Records excerpted from a collection

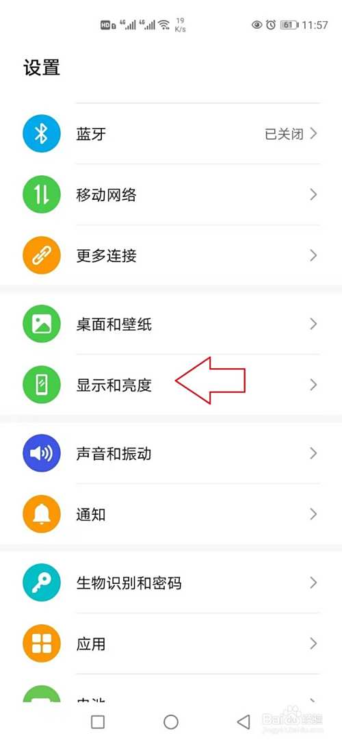 在显示的页面上,点击选择【显示和亮度】。
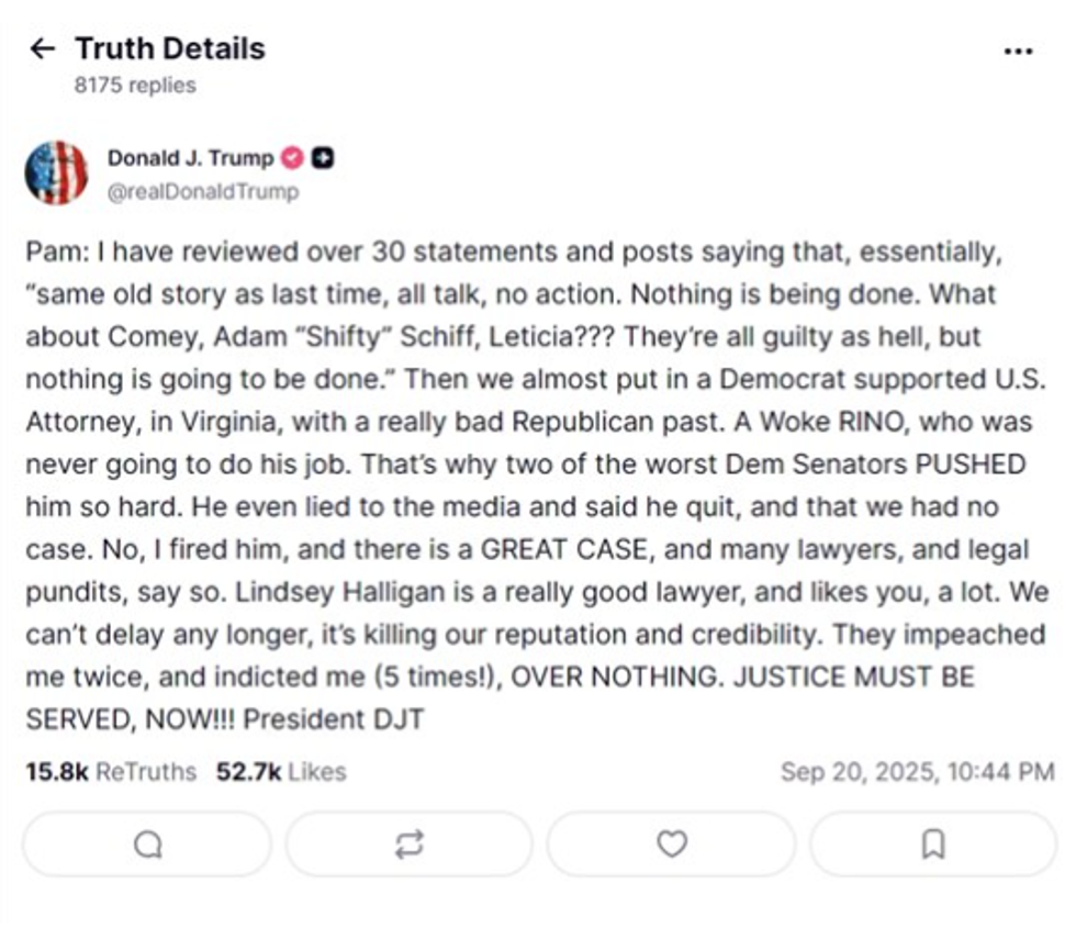 Në një mesazh drejtuar Pam, të publikuar në profilin e tij publik në rrjetin social Truth Social, Trump i bëri thirrje kryeprokurores të ngrejë padi ndaj ish-drejtorit të FBI-së, James Comey, shkruan Futurism.
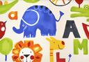 ✔De eerste kleuruitvoering combineert diepblauw, frisgroen, warm geel en oranje op een zachte roomwitte achtergrond met een licht geweven textuur, waardoor de dieren helder afsteken maar het geheel toch rustig blijft ogen.
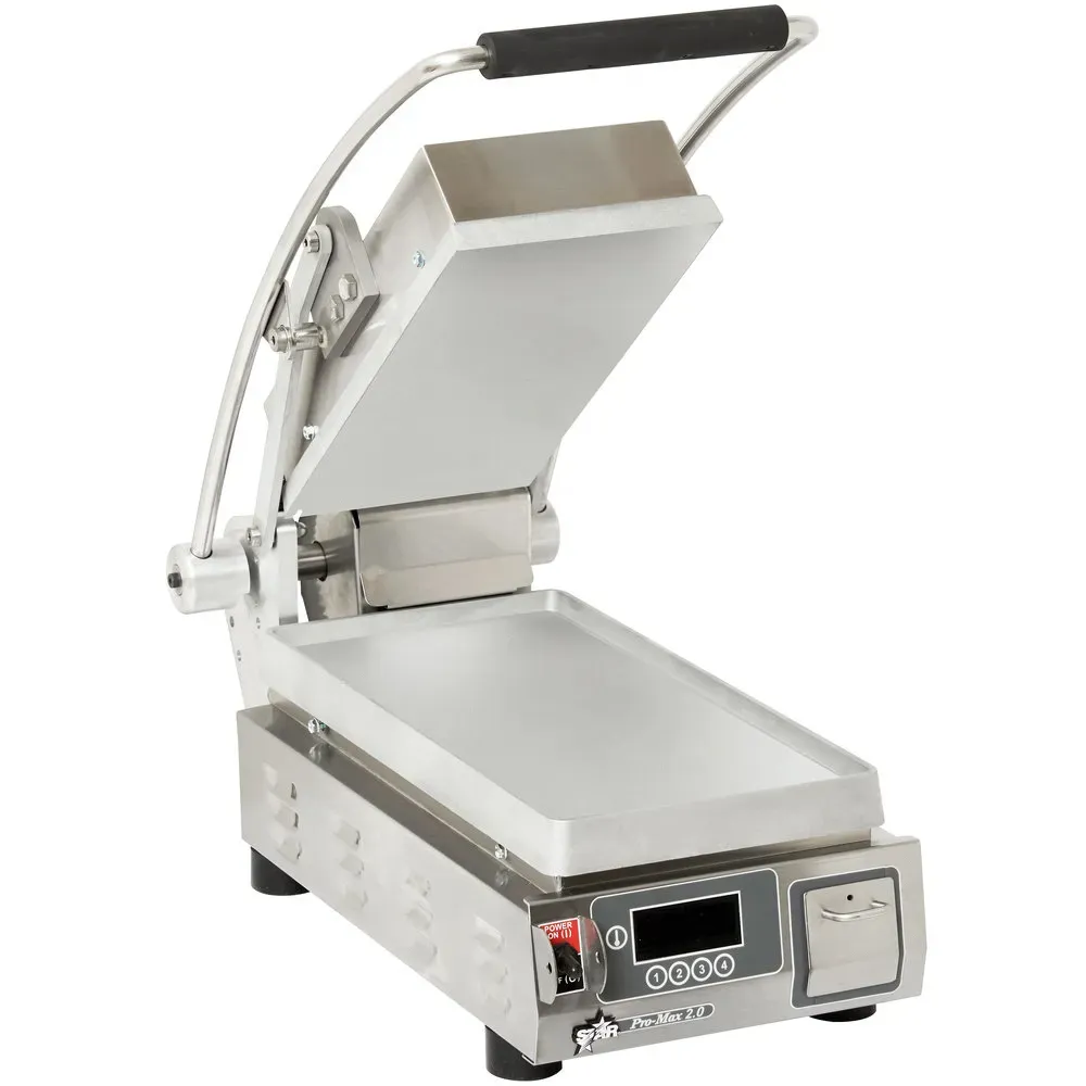Cooking at its finest with the Star PST7EA Sandwich/Panini Grill. This high-performance grill is perfect for commercial restaurant use, delivering delicious sandwiches and paninis with ease. The Pro-Max 2.0 Sandwich Grill features a 7.5" W x 14.2"D smooth aluminum cooking surface, ensuring even heat distribution for perfectly grilled sandwiches every time. The performance torsion spring hinge with an ergonomic curved handle allows for easy operation and consistent pressure on the sandwich. The electronic 175-550F thermostat controls with a timer ensure precise cooking, while the low profile design and removable grease drawer make cleaning a breeze. Made in the USA with a stainless steel exterior and non-skid feet, this grill is built to last. With its cULus and UL EPH Classified certifications, you can trust the quality and safety of this product. Upgrade your restaurant's sandwich game with the Star PST7EA Sandwich/Panini Grill.
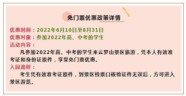 暑期來臨,為讓學(xué)子們能輕松游、優(yōu)惠游,云夢(mèng)山景區(qū)特針對(duì)中、高考生推出,免門票優(yōu)惠政策!

Problem to work on. Leave out the pictures and set down all of the data exactly.

Expected answer.
 在显示的页面上,点击选择【显示和亮度】。
 Në një mesazh drejtuar Pam, të publikuar në profilin e tij publik në rrjetin social Truth Social, Trump i bëri thirrje kryeprokurores të ngrejë padi ndaj ish-drejtorit të FBI-së, James Comey, shkruan Futurism.
 ✔De eerste kleuruitvoering combineert diepblauw, frisgroen, warm geel en oranje op een zachte roomwitte achtergrond met een licht geweven textuur, waardoor de dieren helder afsteken maar het geheel toch rustig blijft ogen.
Cooking at its finest with the Star PST7EA Sandwich/Panini Grill. This high-performance grill is perfect for commercial restaurant use, delivering delicious sandwiches and paninis with ease. The Pro-Max 2.0 Sandwich Grill features a 7.5" W x 14.2"D smooth aluminum cooking surface, ensuring even heat distribution for perfectly grilled sandwiches every time. The performance torsion spring hinge with an ergonomic curved handle allows for easy operation and consistent pressure on the sandwich. The electronic 175-550F thermostat controls with a timer ensure precise cooking, while the low profile design and removable grease drawer make cleaning a breeze. Made in the USA with a stainless steel exterior and non-skid feet, this grill is built to last. With its cULus and UL EPH Classified certifications, you can trust the quality and safety of this product. Upgrade your restaurant's sandwich game with the Star PST7EA Sandwich/Panini Grill.
 暑期來臨,為讓學(xué)子們能輕松游、優(yōu)惠游,云夢(mèng)山景區(qū)特針對(duì)中、高考生推出,免門票優(yōu)惠政策!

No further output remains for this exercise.